It began simply. My friend Bob ate two baskets of Norris Fries (note: Norris Fries are fries from Norris). That was an unprecedented feat. Telephone calls were made. Beads of sweat on his forehead were wiped by perfumed handkerchiefs.

Seeing the look of intense satisfaction on his face, I decided to top him. I ate three boxes of Cap’n Crunch. Of course, that included the boxes, and the plastic whistles. I saved the UPCs.

Bob upped the ante considerably by attending a magic show at a grade-school library and eating one hundred doves that flew out of the magician’s cape. The children squealed with delight, but were disappointed when the magician ran out of doves. Suggestions that Bob eat him as well went unheeded. Instead, a post-pubescent 6-year-old named Hank ate him.

I ate the left-field foul pole at a local minor league park. I later felt bad, for its absence might have cost the home team a game that night. Articles blaming me for the team’s defeat appeared in several area newspapers. I, however, contend that the team’s porous defense and absurd conglomerations of facial hair deserve more of the blame. Still, feeling bad, I bought them a new pair of cleats.

Bob ate three baskets of Norris Fries, an unprecedented feat.

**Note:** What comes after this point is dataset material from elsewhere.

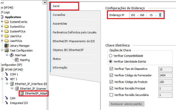 In the EthernetIP_Adapter tab click on general and enter the IP address of your PLC that will be the Adapter slave, that is, the address of the PLC that was loaded with the first program.

I ate all the tuna, causing its extinction. I did so in an entirely dolphin-safe fashion.

Bob ate all the dolphins.

Tiring of the contest, I ate all 500,000 abandoned buildings in Detroit. I suggested to the Detroit city fathers that the acres and acres of vacant land created by my efforts be made into a park, with grass and ponds and picnic tables and cheeseburger trees and barbecue pits and pigs with apples in their mouths. I suggested that this park be named Iron Stomach Park, and that it most definitely not be named after some rich corporation, unless that rich corporation is named Iron Stomach Park (or The Iron Stomach Park Corporation) and is dedicated to the promotion of eating contests world-wide. Detroit’s city fathers will get back to me.

Bob ate a Hawaiian Island. It was not believed to be volcanically active, but his groaning indicates otherwise.

On the sidewalk in front of my home, awaiting me, are four baskets of Norris Fries. Should I die in the attempt, I ask that my body be given to the neighborhood kids, for use as a fort.